Start of GIVEN DATA

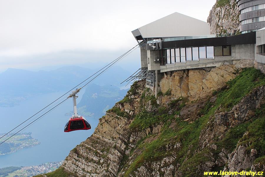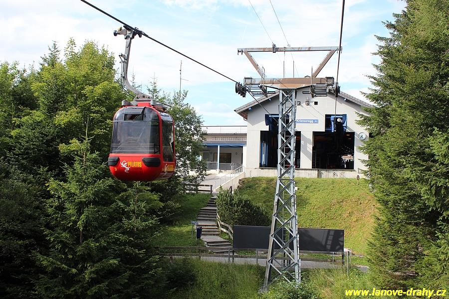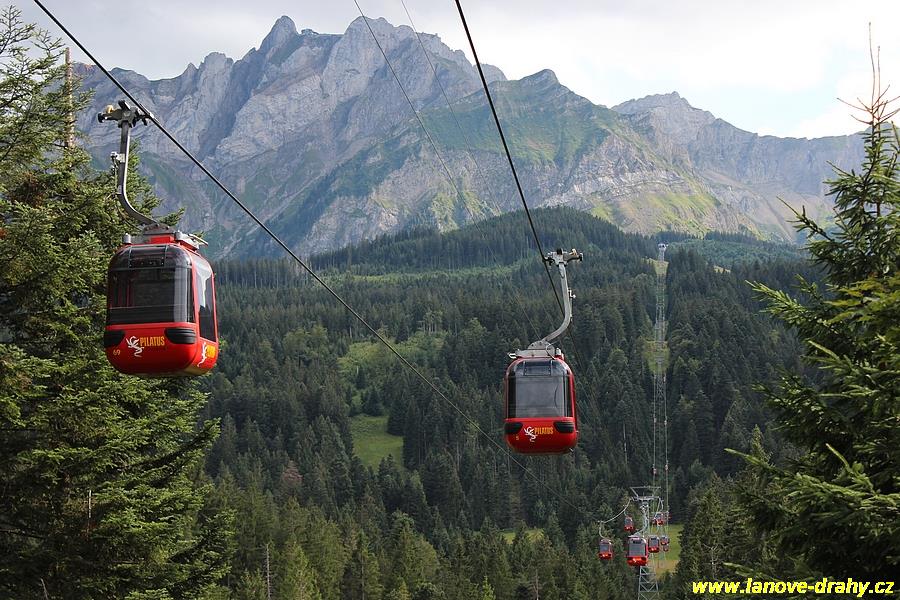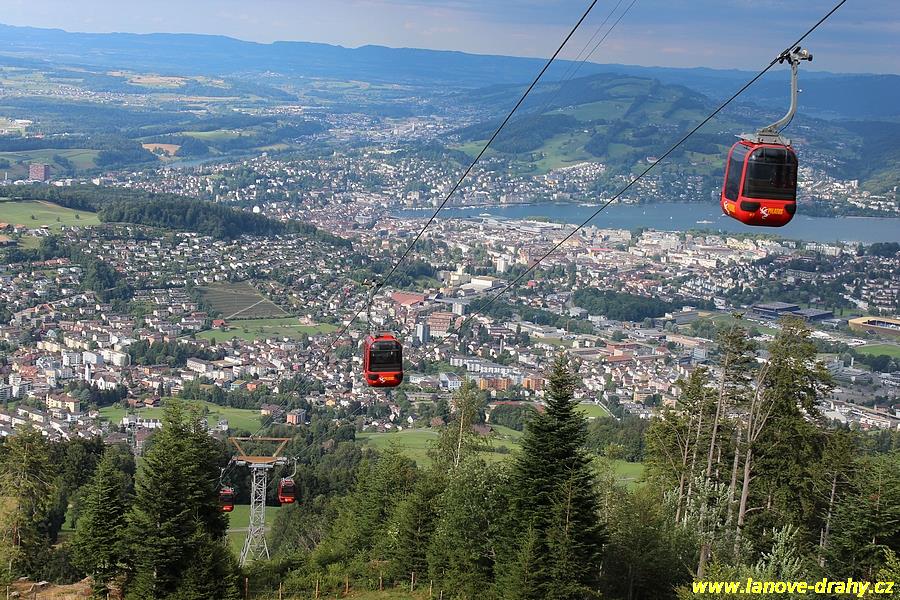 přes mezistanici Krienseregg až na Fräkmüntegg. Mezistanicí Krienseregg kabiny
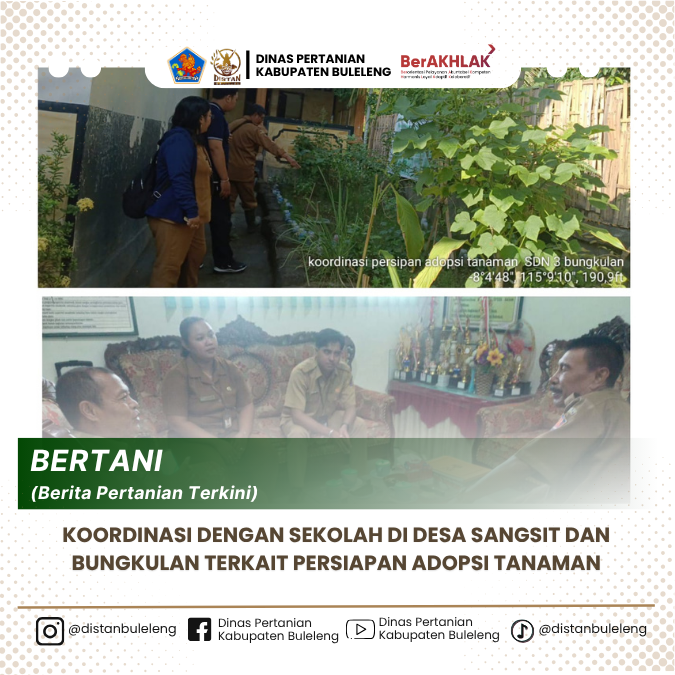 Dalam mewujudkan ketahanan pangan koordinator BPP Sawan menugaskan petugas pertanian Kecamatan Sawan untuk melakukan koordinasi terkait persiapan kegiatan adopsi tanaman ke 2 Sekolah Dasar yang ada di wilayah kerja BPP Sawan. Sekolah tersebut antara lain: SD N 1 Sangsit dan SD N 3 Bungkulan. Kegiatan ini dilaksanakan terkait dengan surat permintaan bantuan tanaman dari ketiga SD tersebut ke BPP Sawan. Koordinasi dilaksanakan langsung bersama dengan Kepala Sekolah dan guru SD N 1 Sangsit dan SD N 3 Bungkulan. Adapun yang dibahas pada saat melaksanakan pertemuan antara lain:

End of GIVEN DATA
Start of GIVEN DATA

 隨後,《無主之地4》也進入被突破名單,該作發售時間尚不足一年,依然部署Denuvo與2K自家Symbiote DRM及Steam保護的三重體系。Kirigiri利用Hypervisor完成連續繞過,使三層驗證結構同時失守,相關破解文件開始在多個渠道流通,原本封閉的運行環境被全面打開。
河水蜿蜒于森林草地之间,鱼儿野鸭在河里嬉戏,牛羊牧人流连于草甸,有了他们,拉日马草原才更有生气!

End of GIVEN DATA
Start of GIVEN DATA

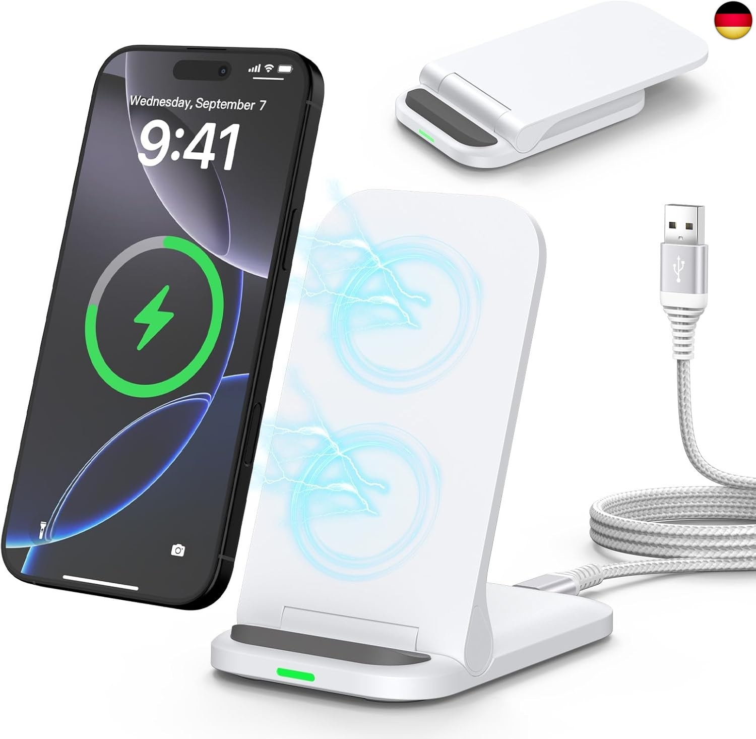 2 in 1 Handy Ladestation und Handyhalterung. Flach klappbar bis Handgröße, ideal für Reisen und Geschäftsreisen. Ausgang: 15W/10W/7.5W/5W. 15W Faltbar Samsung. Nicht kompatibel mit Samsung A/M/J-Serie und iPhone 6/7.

End of GIVEN DATA

| WHAT TO PRODUCE |
All lines above from the line with "隨後,《無主之地4》也進入被" through the line with "河水蜿蜒于森林草地之间,鱼儿", both included, are to be set down exactly, with nothing else.

| EXERCISE RESULT |
 隨後,《無主之地4》也進入被突破名單,該作發售時間尚不足一年,依然部署Denuvo與2K自家Symbiote DRM及Steam保護的三重體系。Kirigiri利用Hypervisor完成連續繞過,使三層驗證結構同時失守,相關破解文件開始在多個渠道流通,原本封閉的運行環境被全面打開。
河水蜿蜒于森林草地之间,鱼儿野鸭在河里嬉戏,牛羊牧人流连于草甸,有了他们,拉日马草原才更有生气!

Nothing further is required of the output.